## [REQUIRED WORK]
With the images removed, write out every line below exactly.

## [RECORDED DATA]
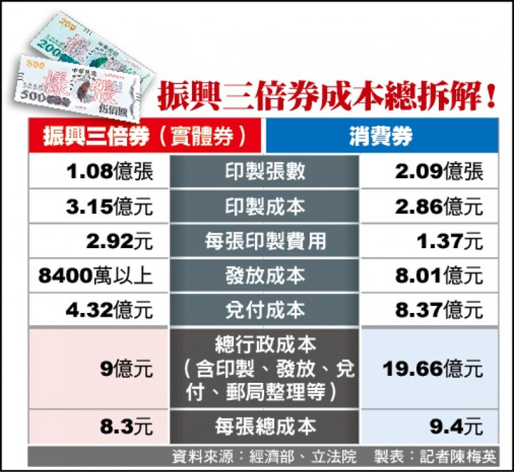 當年發放成本是超過8億元,挺貴的。https://www.president.gov.tw/Portals/0/Bulletins/paper/pdf/6840-1.pdf內政部主管編列 8 億 0,116 萬 2,000 元,其中:(1)辦理名冊、通知單及委託書等編造、印製及發送等作業經費 6,994 萬 4,000 元。(2)辦理發放業務工作人員與協助人力之教育訓練費與工作津貼,及消費券發放所與地方政府辦理發券業務行政經費等 5 億 5,111 萬 8,000 元。(3)委託中華郵政股份有限公司辦理消費券發放費用 1 億 8,010 萬元。 不過時間就是金錢,花8億但能一天發光光,可能民眾觀感還是比較好。
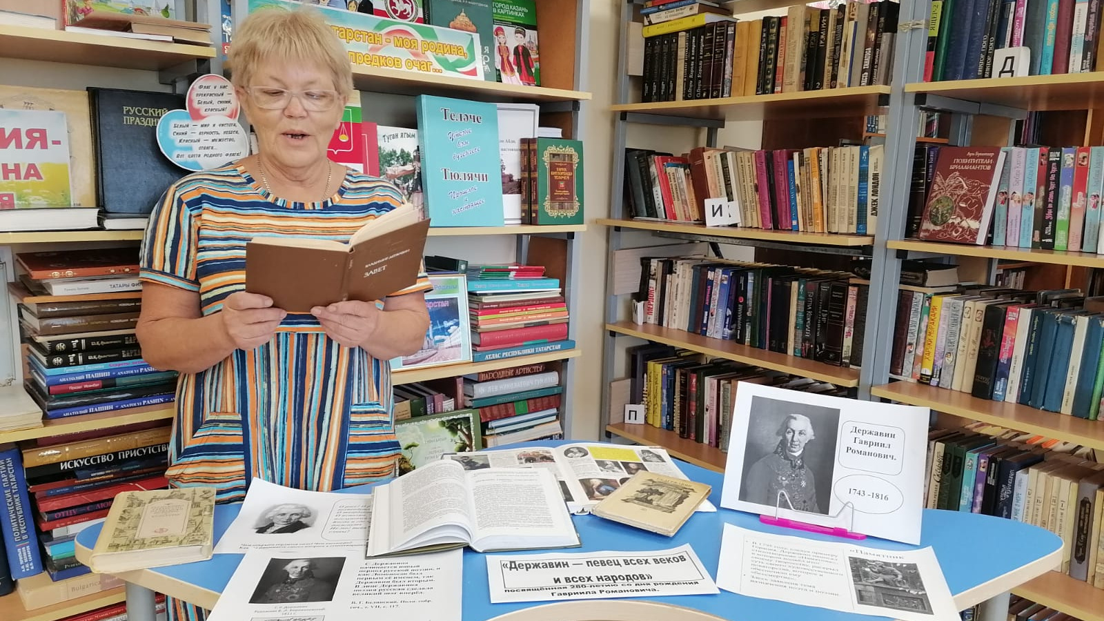 Державин - мәгърифәт чорының танылган шагыйре, Россия империясенең дәүләт эшлеклесе. Фонвизин һәм башка фән һәм мәгариф өлкәсендәге күренекле шәхесләре белән берлектә, Гавриил Романович рус теленең беренче аңлатмалы сүзлеген туплауда һәм бастыруда катнашкан. Шулай ук, ул Россиянең беренче рәсми булмаган гимнның авторы. Китапханәгә килгән китап укучылар танылган шагыйрьнең тормышы һәм иҗаты турында әлеге һәм башка бик күп яңа кызыклы фактлар турында тулырак мәгълүмат алды.
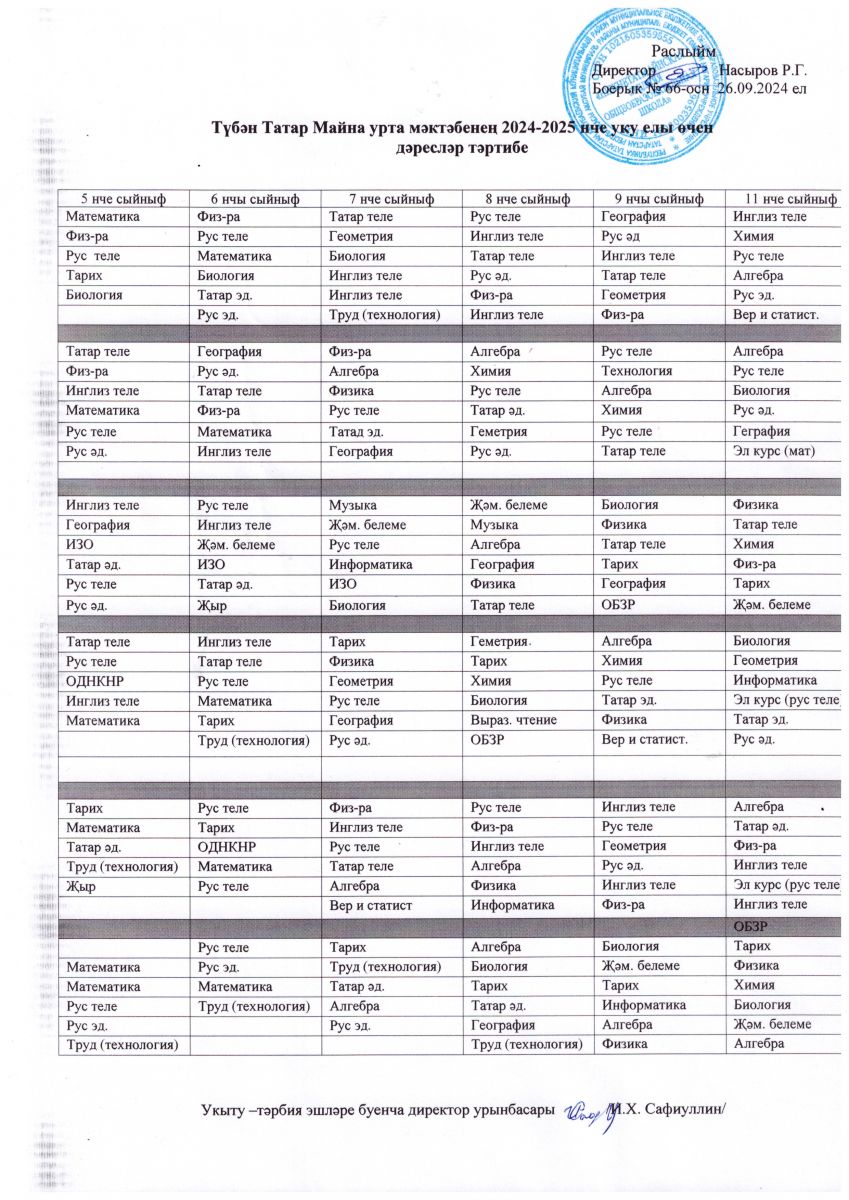 Расписание занятий 2024-2025/ Дәресләр расписаниесе
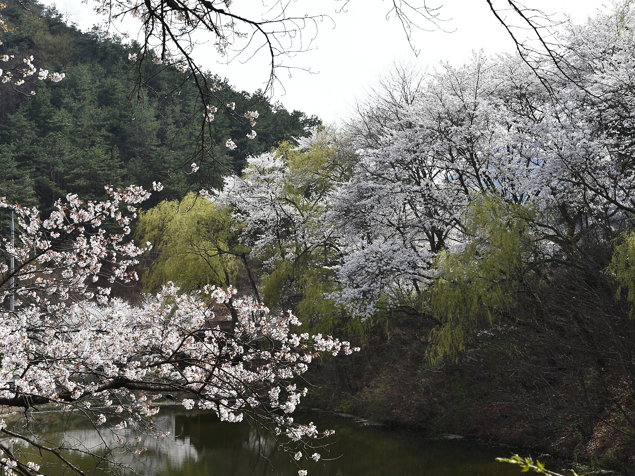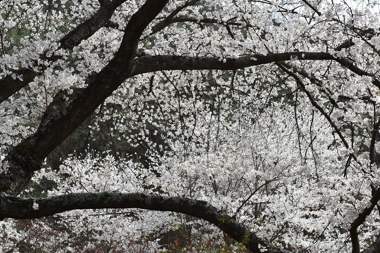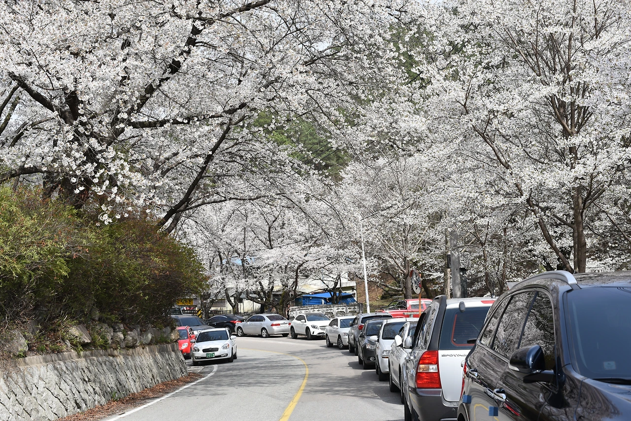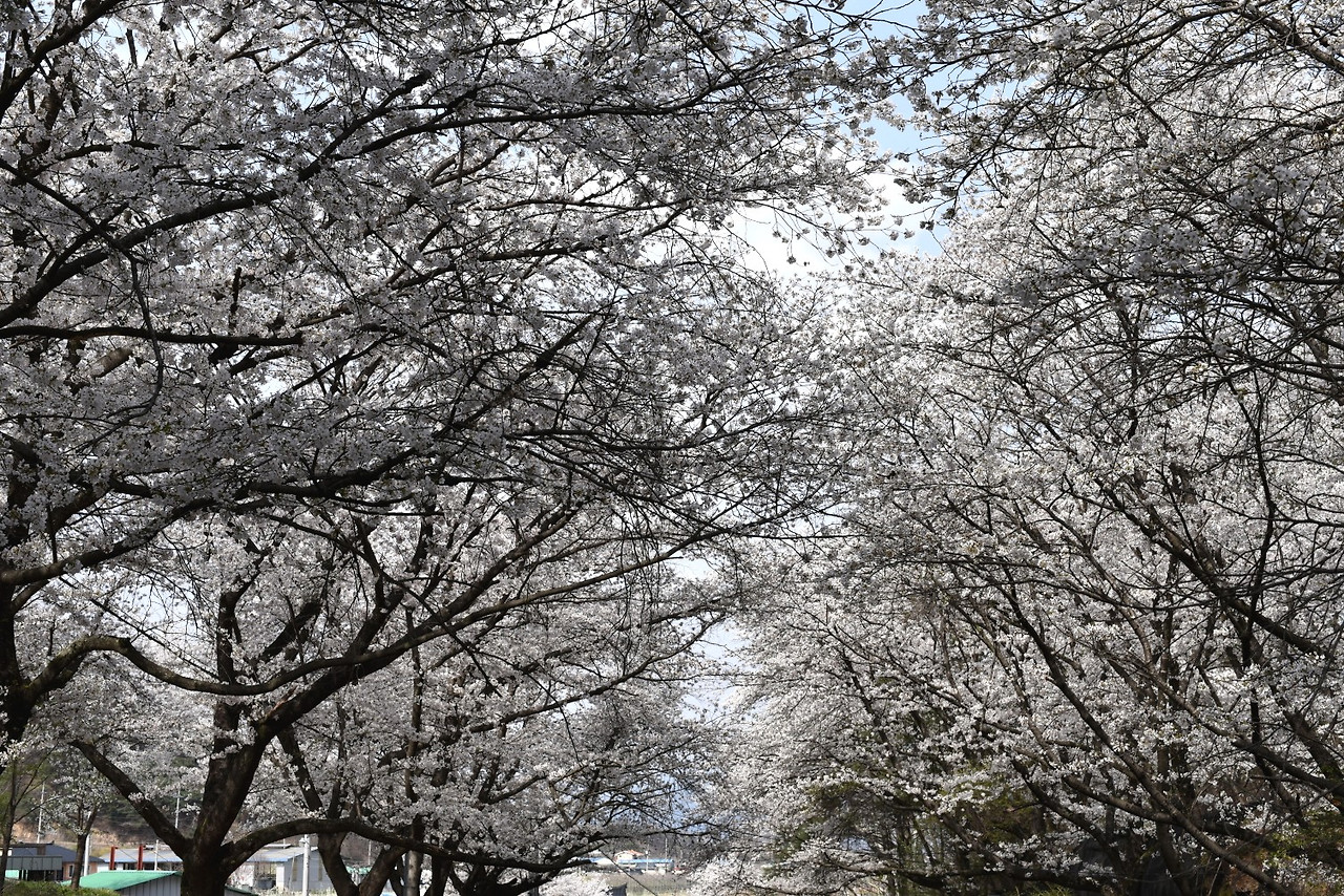 하얀 구름처럼 몽실몽실 활짝핀 벚꽃 아래로
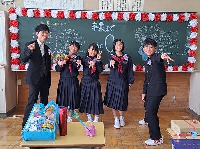 この日、離任式が行われました。7人の先生方が異動、退職されました。一人一人のあいさつを聞いたり、アーチを作ってお見送りをしたりしました。本校を去る先生方、これまでのご尽力ありがとうございました。新しい職場でのご活躍をお祈りしています。
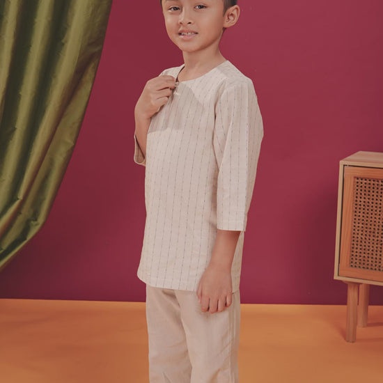 Let your child's spirit shine in the DZAHAR STRIPED KIDS KURTA—where tradition meets irresistible charm! Crafted from breathable stripe linen, this kurta is designed for all-day comfort and style, letting kids move freely and confidently.
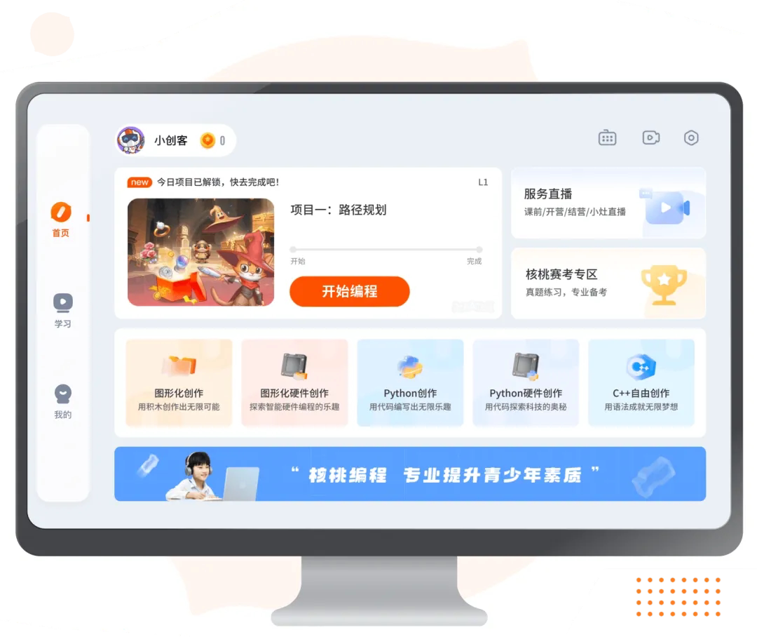 核桃编程是青少年编程教育行业的领先企业。自 2017 年 8 月成立以来,核桃编程通过打造智能实操产品与服务矩阵,发展成为了包含编程系列产品、编程硬件、赛级展服务、素质延展产品及数字出版物的多元化公司。在落实科学教育加法的实践之路上,核桃编程致力于提高青少年的科学素养,激发他们对学习的热爱,并以此培养未来科技创新人才。

## [ANSWER SPACE]
 當年發放成本是超過8億元,挺貴的。https://www.president.gov.tw/Portals/0/Bulletins/paper/pdf/6840-1.pdf內政部主管編列 8 億 0,116 萬 2,000 元,其中:(1)辦理名冊、通知單及委託書等編造、印製及發送等作業經費 6,994 萬 4,000 元。(2)辦理發放業務工作人員與協助人力之教育訓練費與工作津貼,及消費券發放所與地方政府辦理發券業務行政經費等 5 億 5,111 萬 8,000 元。(3)委託中華郵政股份有限公司辦理消費券發放費用 1 億 8,010 萬元。 不過時間就是金錢,花8億但能一天發光光,可能民眾觀感還是比較好。
 Державин - мәгърифәт чорының танылган шагыйре, Россия империясенең дәүләт эшлеклесе. Фонвизин һәм башка фән һәм мәгариф өлкәсендәге күренекле шәхесләре белән берлектә, Гавриил Романович рус теленең беренче аңлатмалы сүзлеген туплауда һәм бастыруда катнашкан. Шулай ук, ул Россиянең беренче рәсми булмаган гимнның авторы. Китапханәгә килгән китап укучылар танылган шагыйрьнең тормышы һәм иҗаты турында әлеге һәм башка бик күп яңа кызыклы фактлар турында тулырак мәгълүмат алды.
 Расписание занятий 2024-2025/ Дәресләр расписаниесе
 하얀 구름처럼 몽실몽실 활짝핀 벚꽃 아래로
 この日、離任式が行われました。7人の先生方が異動、退職されました。一人一人のあいさつを聞いたり、アーチを作ってお見送りをしたりしました。本校を去る先生方、これまでのご尽力ありがとうございました。新しい職場でのご活躍をお祈りしています。
 Let your child's spirit shine in the DZAHAR STRIPED KIDS KURTA—where tradition meets irresistible charm! Crafted from breathable stripe linen, this kurta is designed for all-day comfort and style, letting kids move freely and confidently.
 核桃编程是青少年编程教育行业的领先企业。自 2017 年 8 月成立以来,核桃编程通过打造智能实操产品与服务矩阵,发展成为了包含编程系列产品、编程硬件、赛级展服务、素质延展产品及数字出版物的多元化公司。在落实科学教育加法的实践之路上,核桃编程致力于提高青少年的科学素养,激发他们对学习的热爱,并以此培养未来科技创新人才。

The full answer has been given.